Sarah Holstein, MD, PhD

Question

How is the treatment of multiple myeloma changing, particularly as newer agents receive approval or expanded indications (eg, daratumumab granted Priority Review for the first line, denosumab approved to prevent skeletal-related events [SREs])?

Answer

The treatment landscape is changing quickly. While the ALCYONE trial was important, as it was the first phase 3 study to incorporate daratumumab into induction therapy, it is not practice-changing in the US because VMP [bortezomib, melphalan, and prednisone] is rarely used as a regimen.

Having said that, I do believe it is likely that over the next several years as trials evaluating the addition of daratumumab to more commonly used regimens such as RVd [lenalidomide, bortezomib, and dexamethasone], KRd [carfilzomib, lenalidomide, and dexamethasone], and Rd [lenalidomide and dexamethasone] read-out, that the standard of care for both transplant-eligible and transplant-ineligible patients will include daratumumab as part of the induction regimen.

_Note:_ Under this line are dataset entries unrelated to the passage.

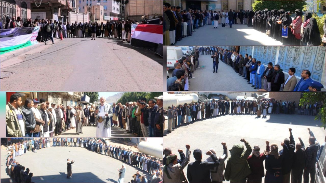 وقفات للمكاتب التنفيذية بصنعاء تؤكد ثبات الموقف اليمني رسميًا وشعبيًا ضد المؤامرات الصهيوأمريكية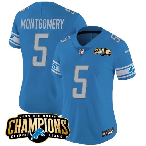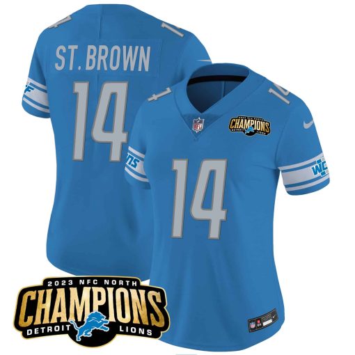 Women’s Detroit Lions 2023 NFC North Champions Patch Vapor Jersey – All Stitched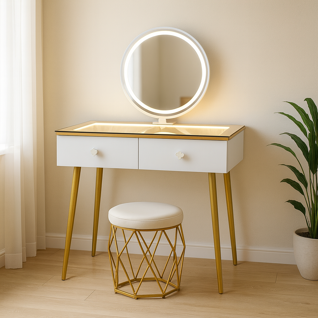 Buy an LED vanity dressing table in Kenya. 2 drawers, glass top, round lighted mirror, and matching stool—clean white/gold finish for compact bedroom grooming setups.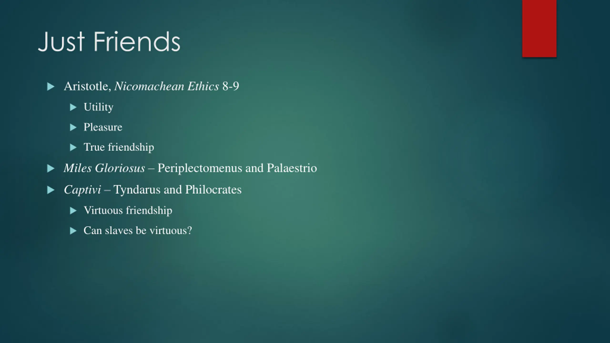 Just Friends Aristotle, Nicomachean Ethics 8-9 Utility Pleasure True friendship Miles Gloriosus Periplectomenus and Palaestrio Captivi Tyndarus and Philocrates Virtuous friendship Can slaves be virtuous?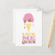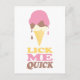 Fun lick me quick slogan text graphic postcard featuring a melting ice cream. Ideal for ice cream sellers to promote or for summer parties or promotions. Original graphic art by Sarah Trett. www.sarahtrett.com for www.mylittleeden.com
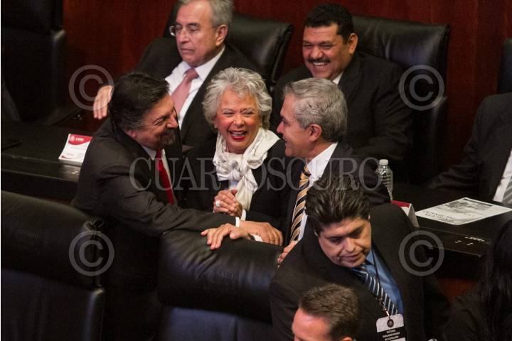 CIUDAD DE MÉXICO, 29AGOSTO2018.- Napoléon Gómez Urrutia, Olga Sánchez Cordero, y Miguel Ángel Mancera, durante la sesión de instalación de la 64 Legislatura en la Cámara de Senadores. FOTO: MOISÉS PABLO /CUARTOSCURO.COM

Denosumab provides an important addition to the bone-modifying armamentarium, particularly for patients with renal insufficiency. It appears to be associated with the same risk of osteonecrosis of the jaw as zoledronic acid, and it remains to be determined whether denosumab confers a similar potential survival benefit as has been observed with zoledronic acid.v

Question

How has maintenance therapy changed, and what is its role now for patients with multiple myeloma?

Answer

There is now very compelling evidence that lenalidomide maintenance after autologous stem cell transplant (ASCT) not only significantly prolongs progression-free survival, but also confers an overall survival benefit.

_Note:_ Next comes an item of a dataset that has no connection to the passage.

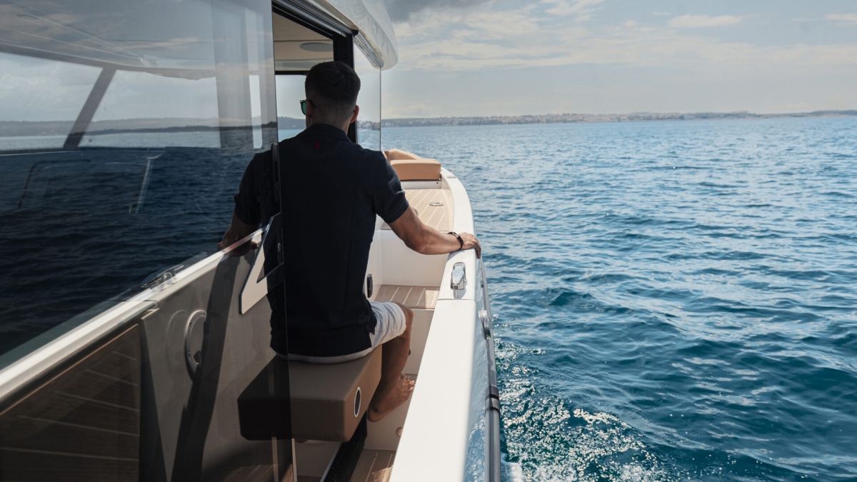 The Saxdor 340 GTWA sets a new standard in design and functionality for all-weather boating. This walkaround model seamlessly blends open-air enjoyment with protected comfort, offering a secure, weatherproof space that keeps you sheltered in all conditions. Equipped with lightweight, robust vacuum-infused construction and a two-stepped deep V-hull, it combines exceptional seafaring qualities with efficient fuel consumption, ensuring a smooth, high-performance driving experience.

Results from the Myeloma XI study presented at ASH [American Society of Hematology] 2017 demonstrate that lenalidomide maintenance benefits patients regardless of cytogenetic risk and regardless of minimal residual disease (MRD) status. There is also increasing evidence that lenalidomide maintenance after induction therapy for non-transplant patients improves outcomes.

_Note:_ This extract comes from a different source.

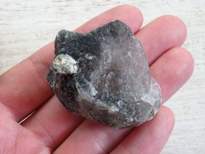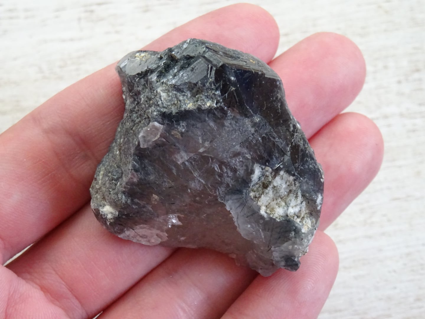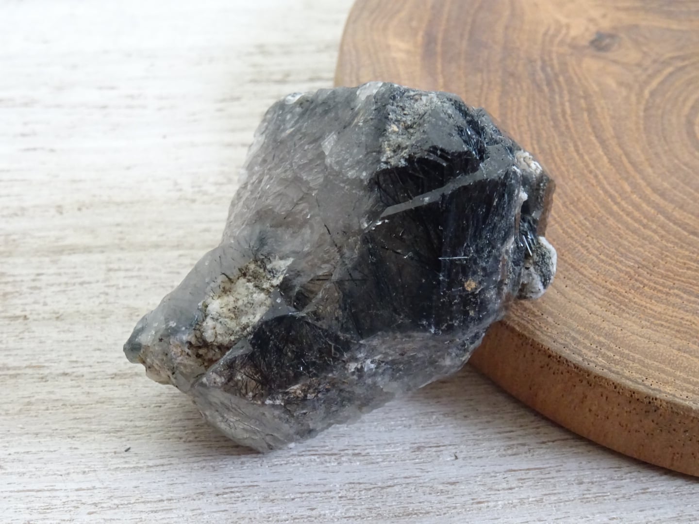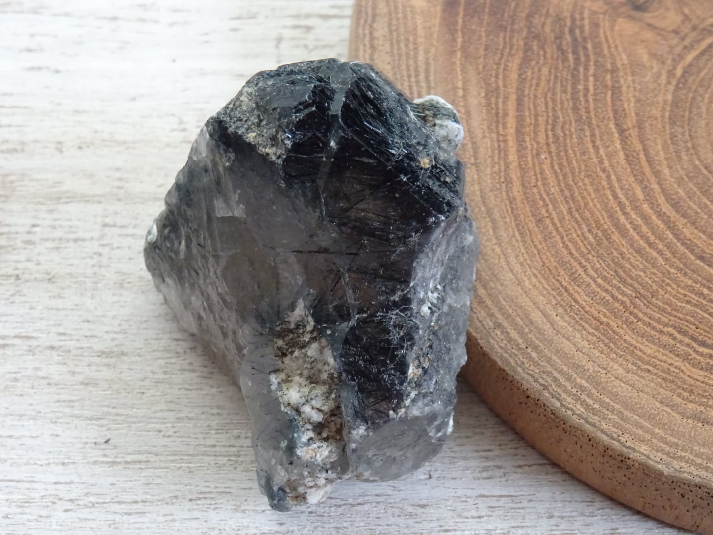 ブルークォーツというには色が少し地味すぎるな…という印象ですが、他の2点と異なるのはリーベカイトの針がとても太くしっかりと結晶しているという点で、黒っぽく見えています。

Thus, at this time, lenalidomide maintenance is the current standard of care. Having said that, there are many unresolved issues. For example, it is clear that for patients with high-risk disease, lenalidomide maintenance, while beneficial, is still insufficient. Determining which agents could be combined with lenalidomide (or used instead of lenalidomide) to overcome the adverse outcomes associated with high-risk disease is very important.

The Myeloma XI study clearly demonstrates that even if patients achieve MRD-negativity following completion of initial therapy, they do better with lenalidomide maintenance than without it. However, we need to determine whether patients who have achieved sustained MRD negativity over a period of time (2 years? 3 years?) can be safely taken off maintenance therapy or whether treatment until progression should remain the standard of care.

Finally, we also need to learn how to identify those patients who are at highest risk for the development of lenalidomide-associated secondary primary malignancies and determine alternative maintenance strategies for these patients.

Question

Answer

Where are we now with CAR-T therapy for multiple myeloma? What can be expected in the near future, in terms of incorporating it into practice?

Question

Do you think immune checkpoint inhibition will have a place in the treatment landscape for multiple myeloma, given the increased risk of death in clinical trials? Is the mechanism for the increased risk of death known?

Answer

The results of the 2 phase 3 studies involving checkpoint inhibitor/immunomodulatory drug (IMiD) combinations were very surprising, given the previously encouraging results from phase 1/2 studies of these same combinations. We really do not understand the mechanisms underlying the increased risk of death.

There are still many unanswered questions at this time — whether these results translate to all checkpoint inhibitors, whether it is the checkpoint inhibitor/IMiD combination which is particularly problematic, or whether patients who are less heavily pretreated are at higher risk for complications.

With respect to the latter, it should be noted that 1 of the studies involved patients with newly diagnosed myeloma. It is very clear that the immune system dysfunction induced by the presence of malignant plasma cells is significant and complex and that there are changes that occur after repeated lines of therapy. It is also clear that IMiDs have pleiotropic effects on the immune system. I believe a great deal more basic/translational research needs to be performed to understand the effects of checkpoint inhibitor therapy in myeloma.

Question

What new approaches are you excited about for the treatment of multiple myeloma in the future?

Answer

I am excited about anti-BCMA therapy, which includes not only the BCMA CAR-T cells, but also the anti-BCMA antibody-drug conjugate (GSK2857916). The latter demonstrated significant single-agent activity in a phase 1 study and, of course, the next step will be to evaluate this agent in combination with other myeloma drugs. I am also excited about the potential for other cellular therapies, including natural killer cell therapy.